Imfree, I think your PLL has become unlocked. Try as I will, I can make nothing of your post and must label it a non- sequitur. Unless - did you plan to have all of those lovely BBWs stand on their heads in a ring, holding hands, with their legs spread out in a V-shape, and use them for an antenna farm?


----------



## Adrian (Jun 12, 2010)

Ho Ho Tai said:


> Curvy Women Are Like A Drug? Yeah. Viagra.


HERE, HERE!!!


----------



## imfree (Jun 12, 2010)

Ho Ho Tai said:


> Imfree, I think your PLL has become unlocked. Try as I will, I can make nothing of your post and must label it a non- sequitur. Unless - did you plan to have all of those lovely BBWs stand on their heads in a ring, holding hands, with their legs spread out in a V-shape, and use them for an antenna farm?

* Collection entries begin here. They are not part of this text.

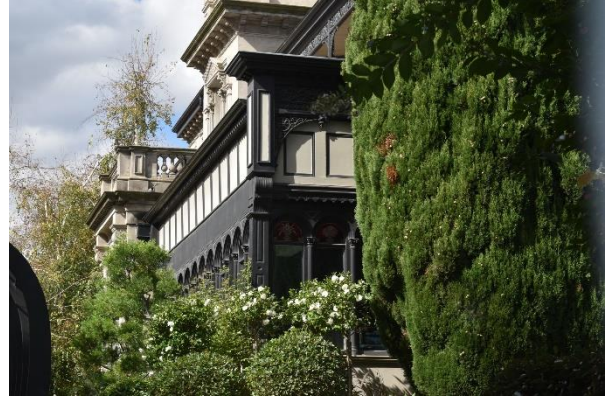
Detail view of northern verandah and plantings.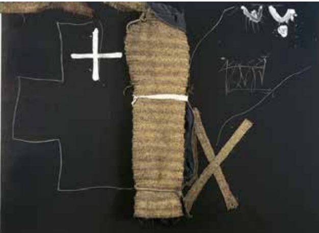
Antoni Tàpies, Embolcall, 1994.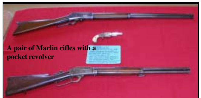
A pair of Marlin rifles with a pocket revolver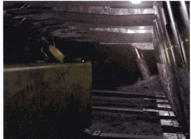
Figure 3. VR simulation of a tailgate drive

a VR simulator of a roadheader that provides realistic visual, sound and physical sensations (Figures 5 and 6). Along with the usual mock-up of the equipment and a computer-generated environment, a motion platform simulates the incline and feel of the machine. Plans are to build a simulator of a drilling rig next.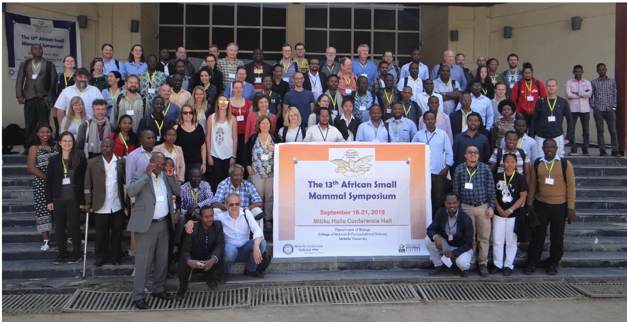
Fig. 2. Group photo of participants of the 13 th ASMS in Ethiopia.

Madagascar. For the first time there were also presentations about population and conservation genomics, niche modelling and a special session on subterranean rodents. The abstract book from this meeting is available at https://asms2019.ivb.cz/wp-content/uploads/12thASMS_Madagascar.pdf .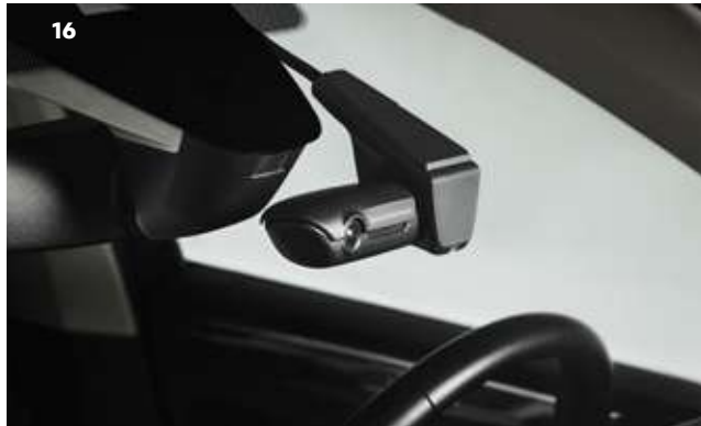
16 Universal Traffic Recorder Front: 000063511D Front & Rear: 000063511E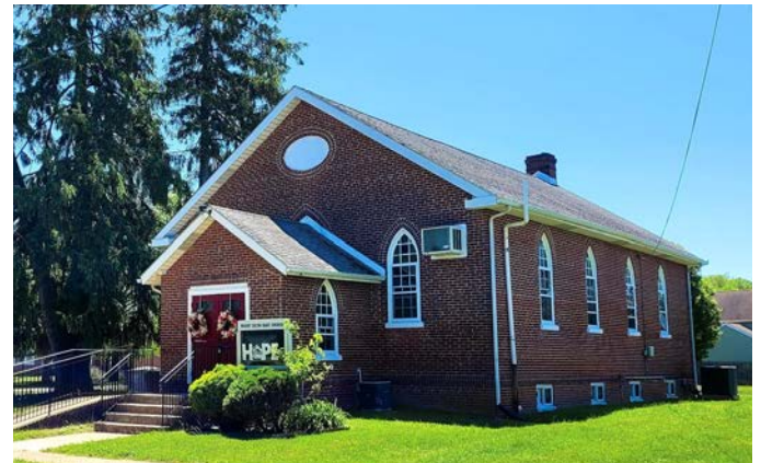
Mt. Salem U.A.M.E. Church met its 190th anniversary in 2025.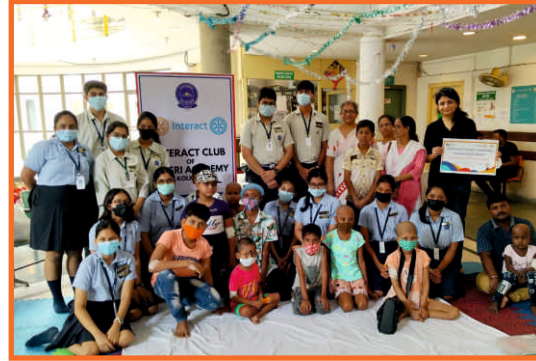
Sri Sri Academy Interactors for Life Beyond Cancer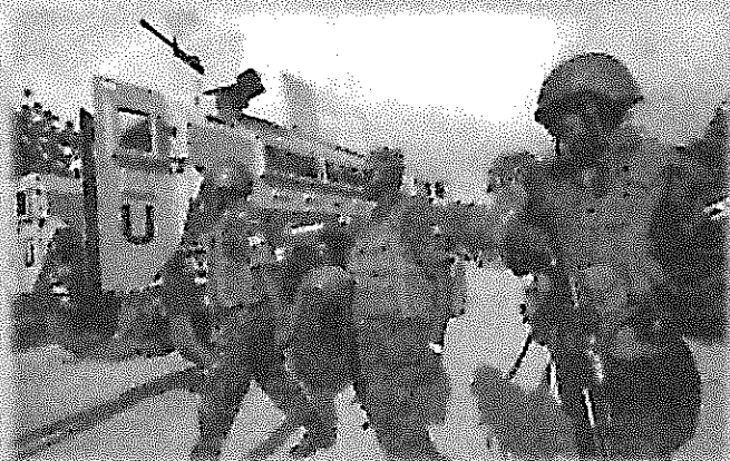
African Union forces in support of Peace Keeping operations.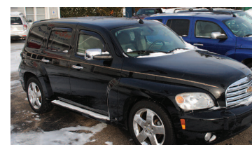
2006 CHEVY HHR Sunroof, leather, very nice. AS LOW AS $179 A MONTH

We are postponing our car giveaway promotion until spring (when it finally stops snowing) but you can still stop by to register to win anytime.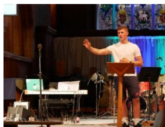
Preaching at The Six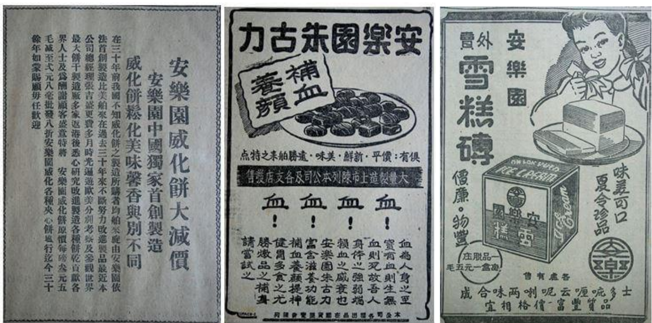
Advertisements of On Lok Yuen biscuits, chocolate and ice cream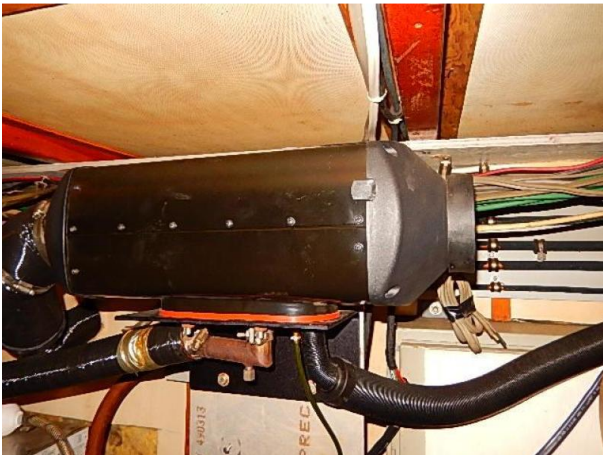
Recent Diesel heater/great in fall and winter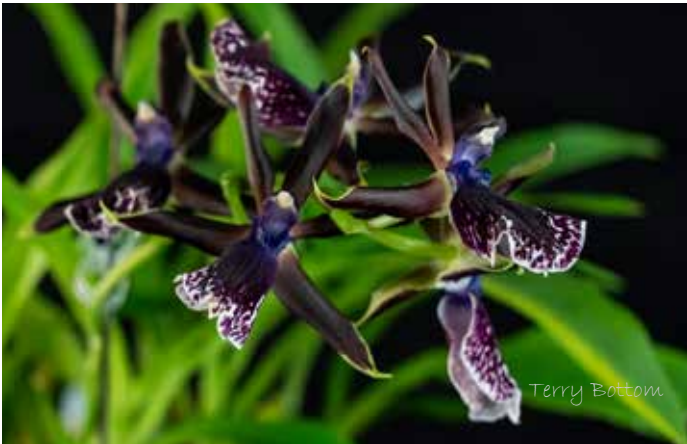
Grower Sue Bottom Zygolum Louisendorf grex

Come to think of it, Ho, that would, be, by far,
the prettiest supporting structure any loop of
mine EVER had!:smitten:

Hmmmm......let's see.....three Gals standing
with a little more than 6 feet between each,
holding a single conductor about 3 feet high,
with the conductor lying on the ground at
each end would form a 3' X 20' loop, woo-
hoo!!!, more signal than an EarthRadio would
know what to do with. C'mon Girls!!!:smitten:


----------



## musicman (Jul 20, 2010)

Sorry to revive this old thread, but I just had an inspiration that seems related to the topic:

With apologies to Jimmy Buffett:
(or should that be "Jimmy Buffet"?)

Wastin' away again in B-B-W-ville,
Lovin' every pound; I never get tired.
Some people claim that it's a sick bastard's game,
But I know... it's the way that I'm wired.


----------



## Heyyou (Jul 21, 2010)

yes curvy women are like a drug. those are sexy plumpers


----------



## UnknownSpirit01 (Jul 28, 2010)

Surlysomething said:


> Why yes, we are.



Well, that should be obvious by now 
Curvey women are to me as a nerd is to WoW (if that's a good enough analogy), we have our own 'obsessions' :wubu::wubu::wubu: 
I must say, I love them all!


----------



## spiritangel (Jul 29, 2010)

ok boys line up and get addicted to me, form an orderly queue one at a time please 

tee hee hee


----------



## calauria (Jul 29, 2010)

Yes, curvy women are certainly addictive. I know I enjoy them.:wubu:


----------



## UnknownSpirit01 (Jul 29, 2010)

calauria said:


> Yes, curvy women are certainly addictive. I know I enjoy them.:wubu:



Ditto!
:smitten::smitten::smitten:


----------



## imfree (Jul 29, 2010)

spiritangel said:


> ok boys line up and get addicted to me, form an orderly queue one at a time please
> 
> tee hee hee





calauria said:


> Yes, curvy women are certainly addictive. I know I enjoy them.:wubu:





UnknownSpirit01 said:


> Ditto!
> :smitten::smitten::smitten:



I was addicted before the addiction was even cool!:smitten:


----------



## curveyme (Jul 31, 2010)

If we're a drug . . . I sure hope there is *NO EXPIRATION* date!!


----------